== Material for the task ==
########
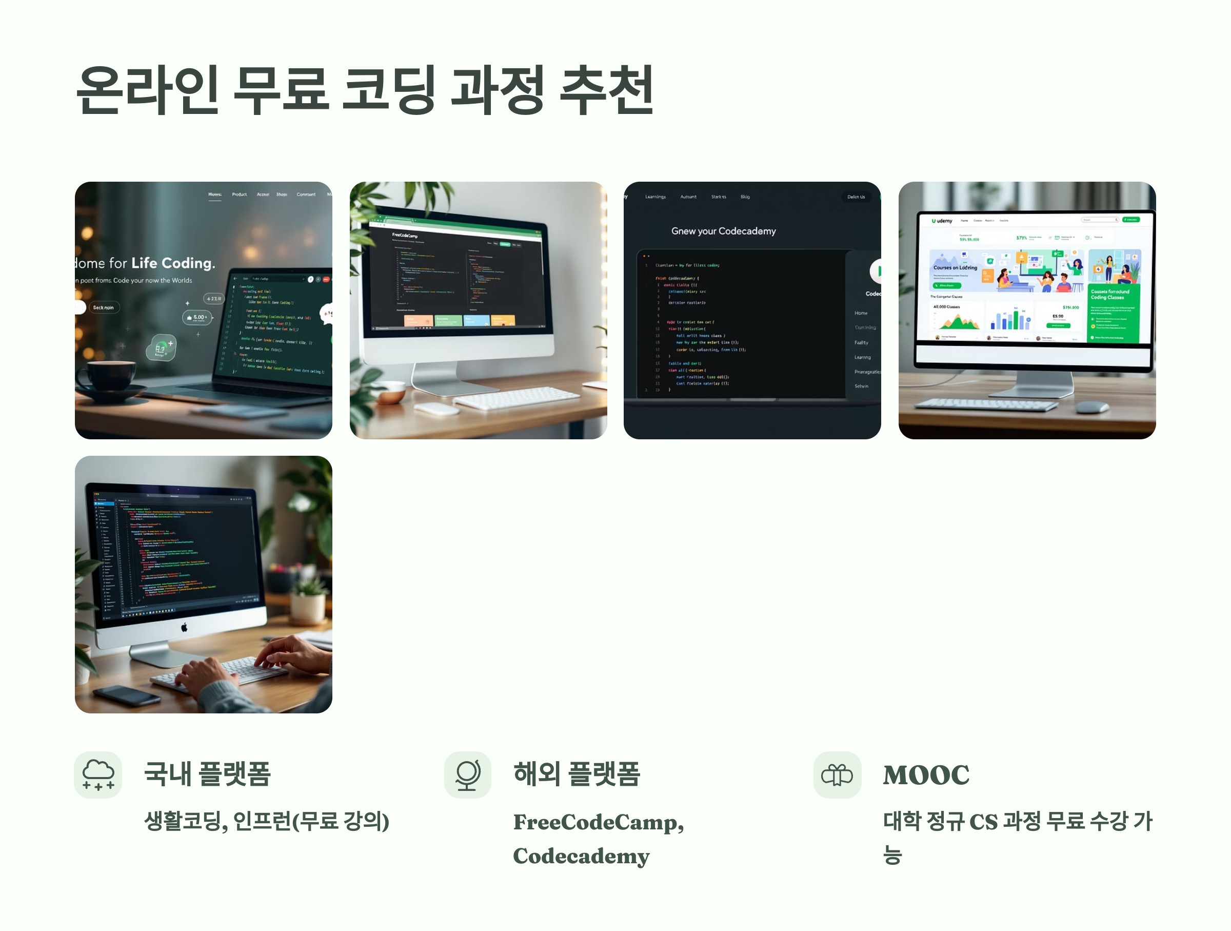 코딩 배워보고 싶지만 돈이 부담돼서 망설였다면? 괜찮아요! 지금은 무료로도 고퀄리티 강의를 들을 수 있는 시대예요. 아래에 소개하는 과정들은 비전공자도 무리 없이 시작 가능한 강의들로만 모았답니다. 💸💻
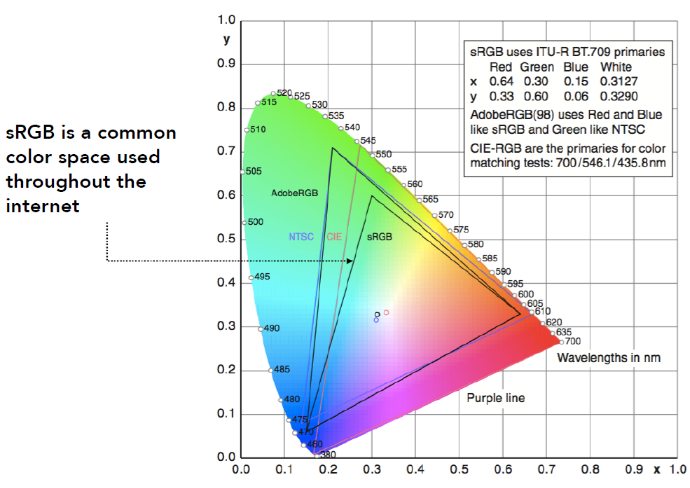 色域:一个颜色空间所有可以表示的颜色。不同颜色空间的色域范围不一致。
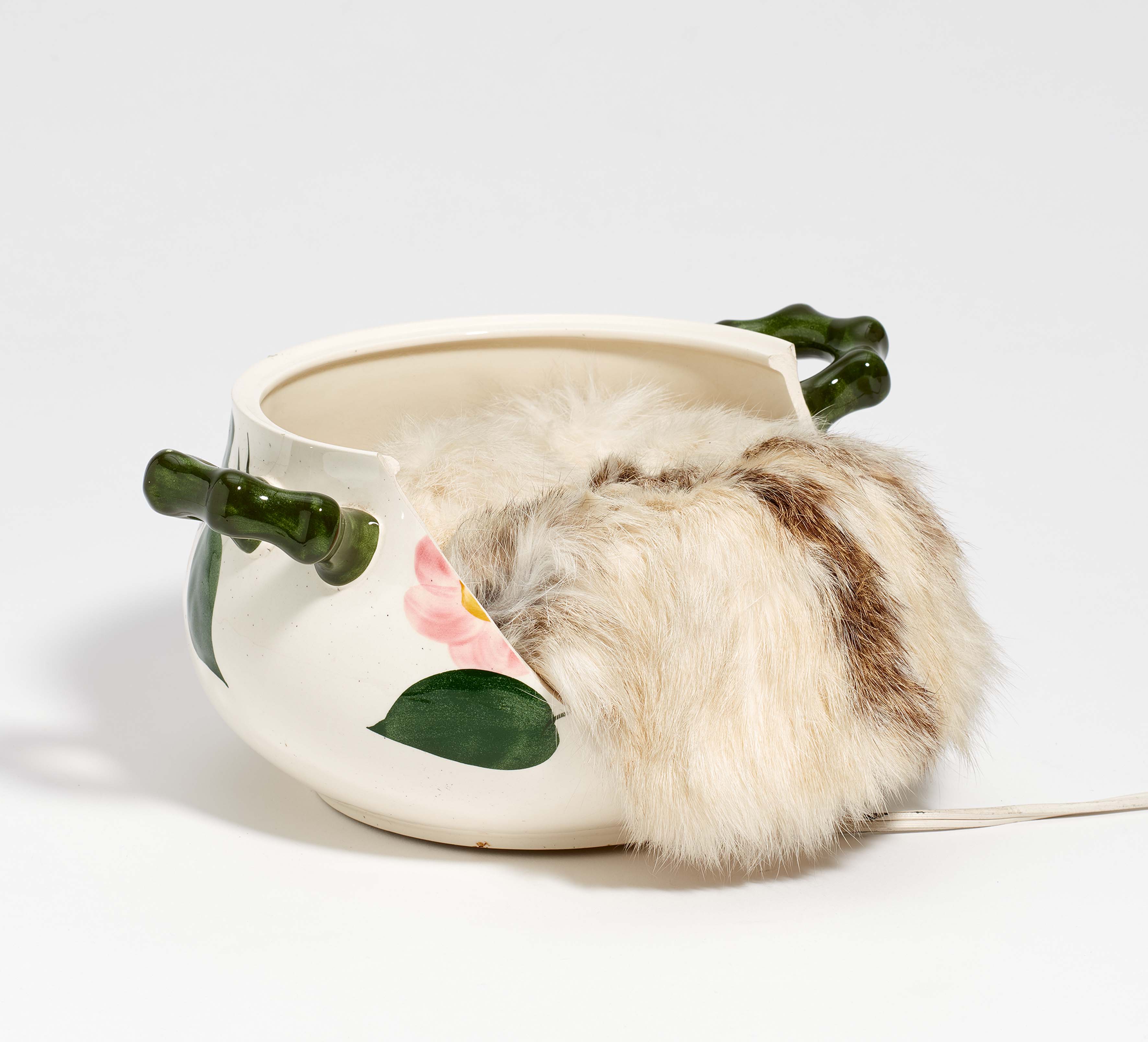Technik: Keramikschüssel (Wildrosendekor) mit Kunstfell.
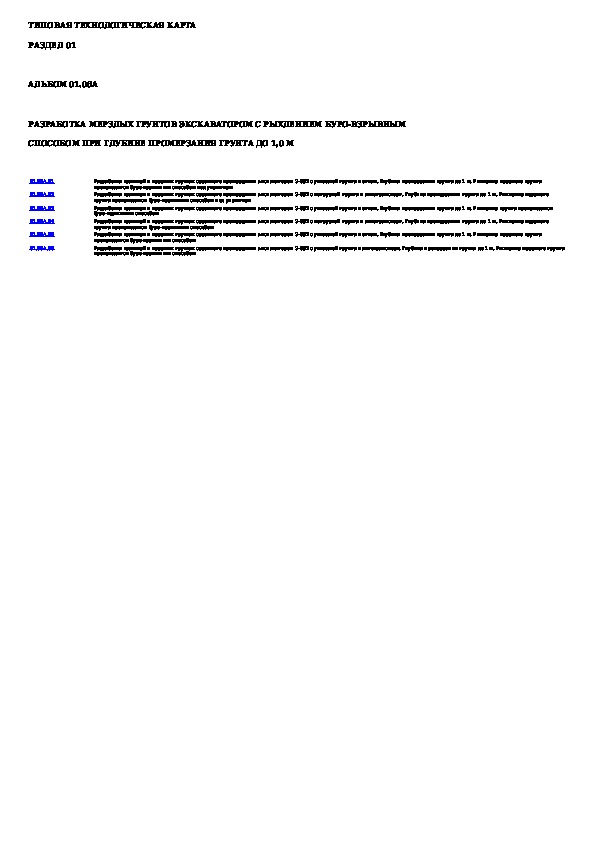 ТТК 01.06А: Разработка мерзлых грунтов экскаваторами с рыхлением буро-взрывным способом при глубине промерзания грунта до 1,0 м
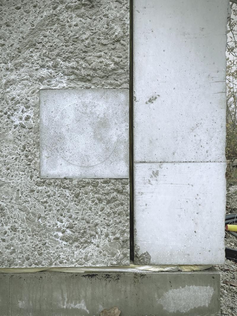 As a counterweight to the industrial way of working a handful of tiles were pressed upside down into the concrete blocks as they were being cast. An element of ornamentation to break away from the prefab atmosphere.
########
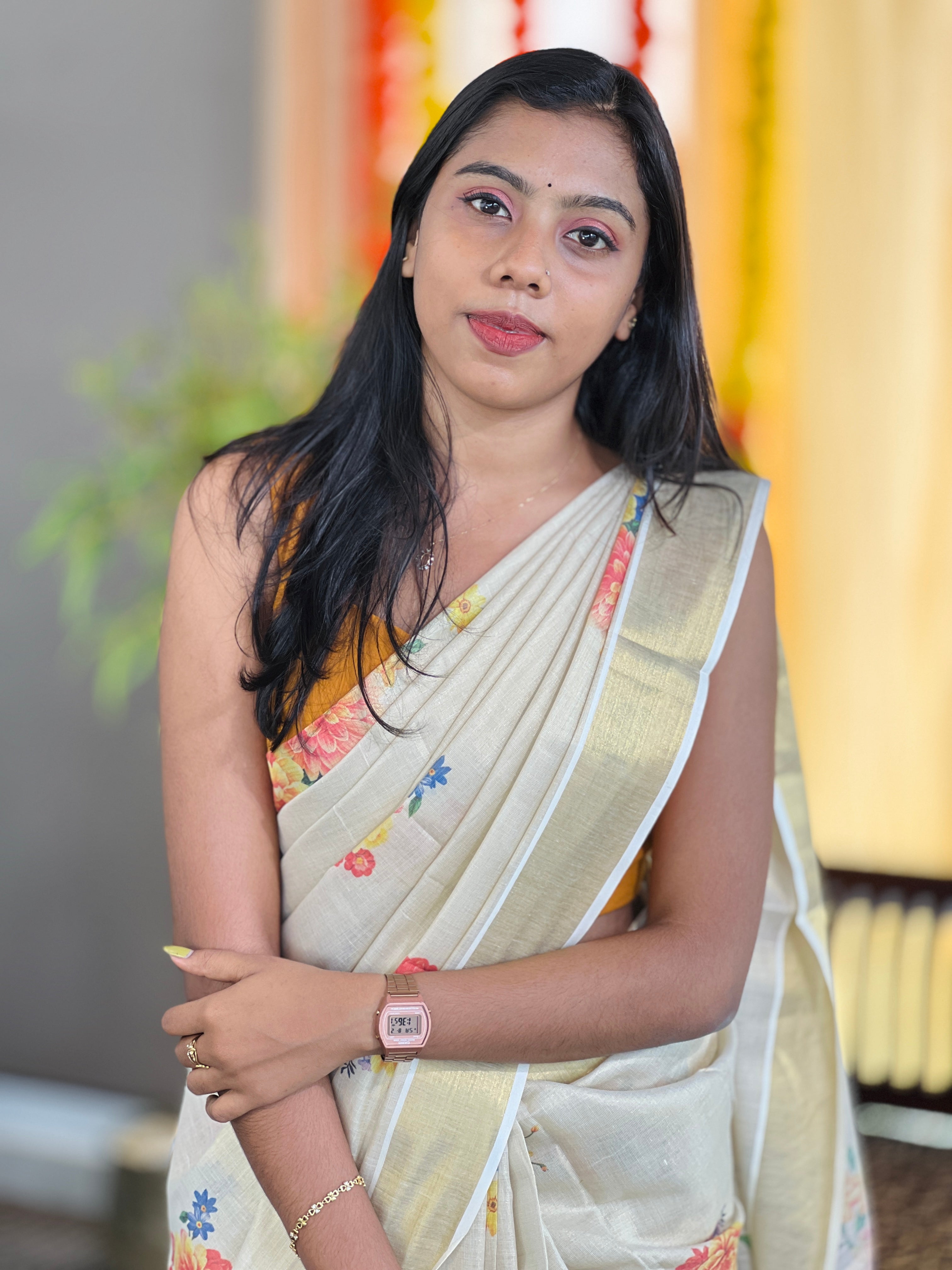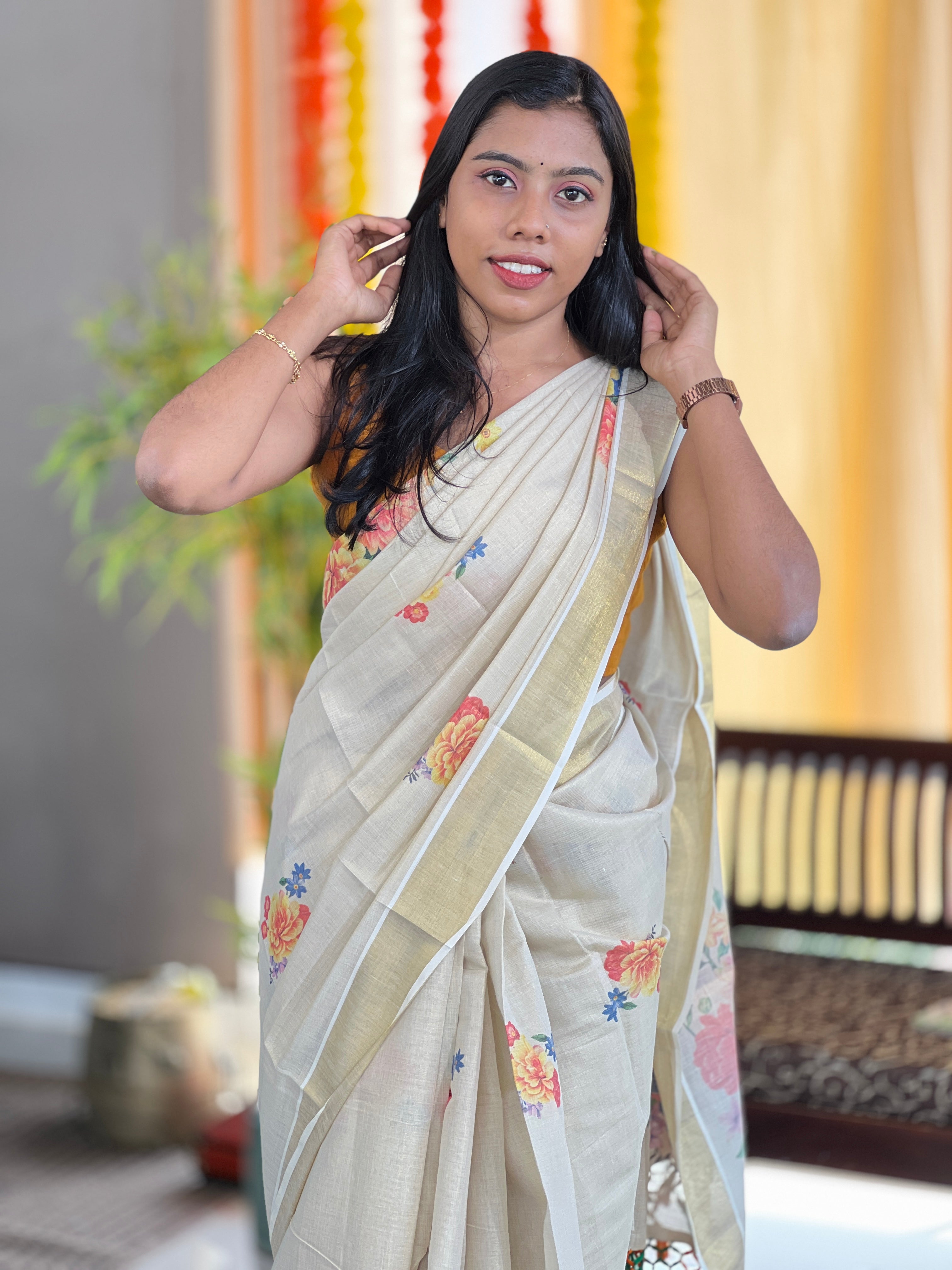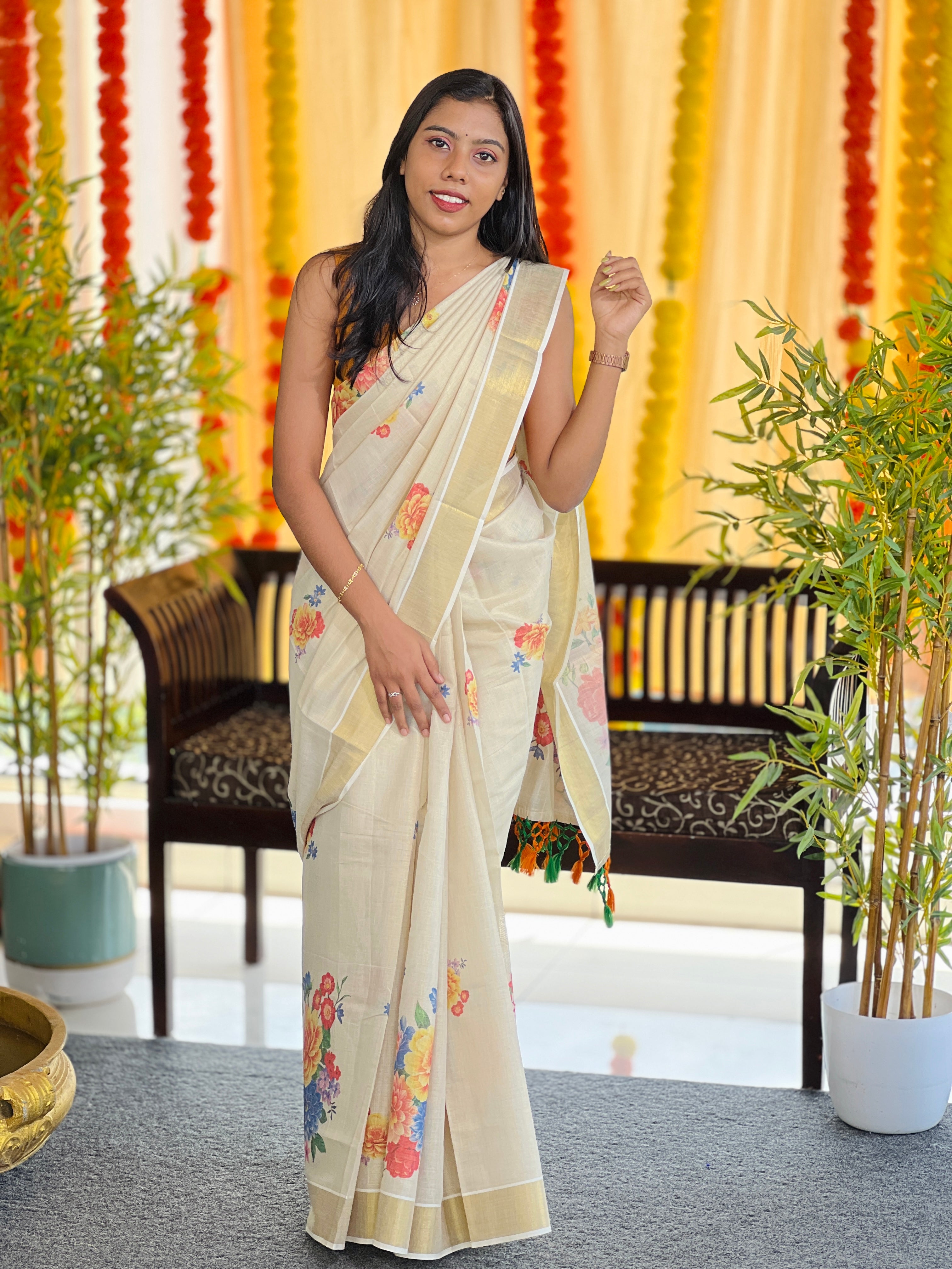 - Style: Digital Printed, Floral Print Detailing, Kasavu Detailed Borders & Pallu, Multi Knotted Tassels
########
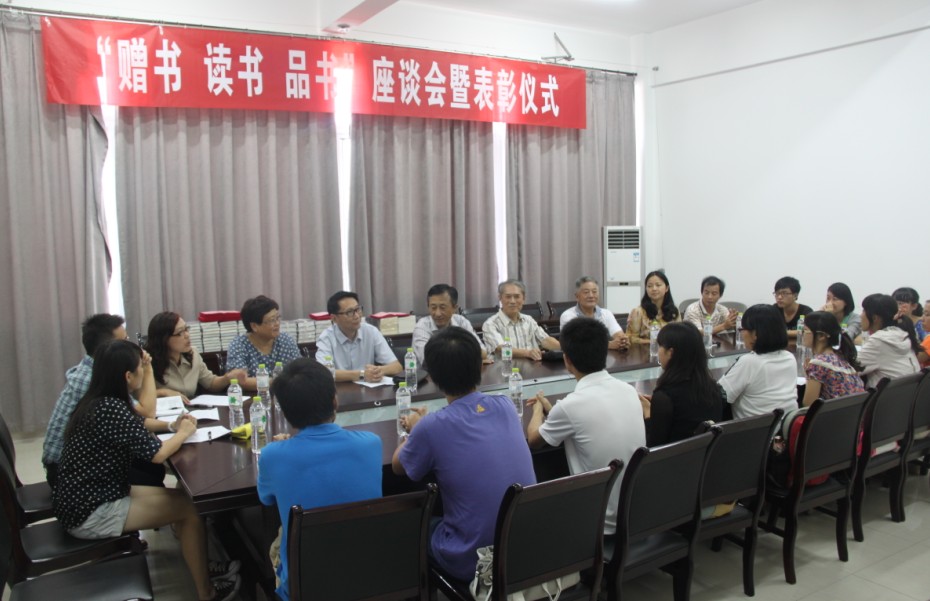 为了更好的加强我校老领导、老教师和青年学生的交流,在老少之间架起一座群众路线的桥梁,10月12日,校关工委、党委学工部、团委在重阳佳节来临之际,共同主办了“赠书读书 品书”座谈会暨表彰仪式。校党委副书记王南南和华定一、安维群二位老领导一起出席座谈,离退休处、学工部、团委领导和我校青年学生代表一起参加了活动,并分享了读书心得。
########
== What is needed ==
Skipping every picture, transcribe exactly the lines above from the one containing "코딩 배워보고 싶지만" through the one containing "As a counterweight", both included.

== Answer box ==
 코딩 배워보고 싶지만 돈이 부담돼서 망설였다면? 괜찮아요! 지금은 무료로도 고퀄리티 강의를 들을 수 있는 시대예요. 아래에 소개하는 과정들은 비전공자도 무리 없이 시작 가능한 강의들로만 모았답니다. 💸💻
 色域:一个颜色空间所有可以表示的颜色。不同颜色空间的色域范围不一致。
Technik: Keramikschüssel (Wildrosendekor) mit Kunstfell.
 ТТК 01.06А: Разработка мерзлых грунтов экскаваторами с рыхлением буро-взрывным способом при глубине промерзания грунта до 1,0 м
 As a counterweight to the industrial way of working a handful of tiles were pressed upside down into the concrete blocks as they were being cast. An element of ornamentation to break away from the prefab atmosphere.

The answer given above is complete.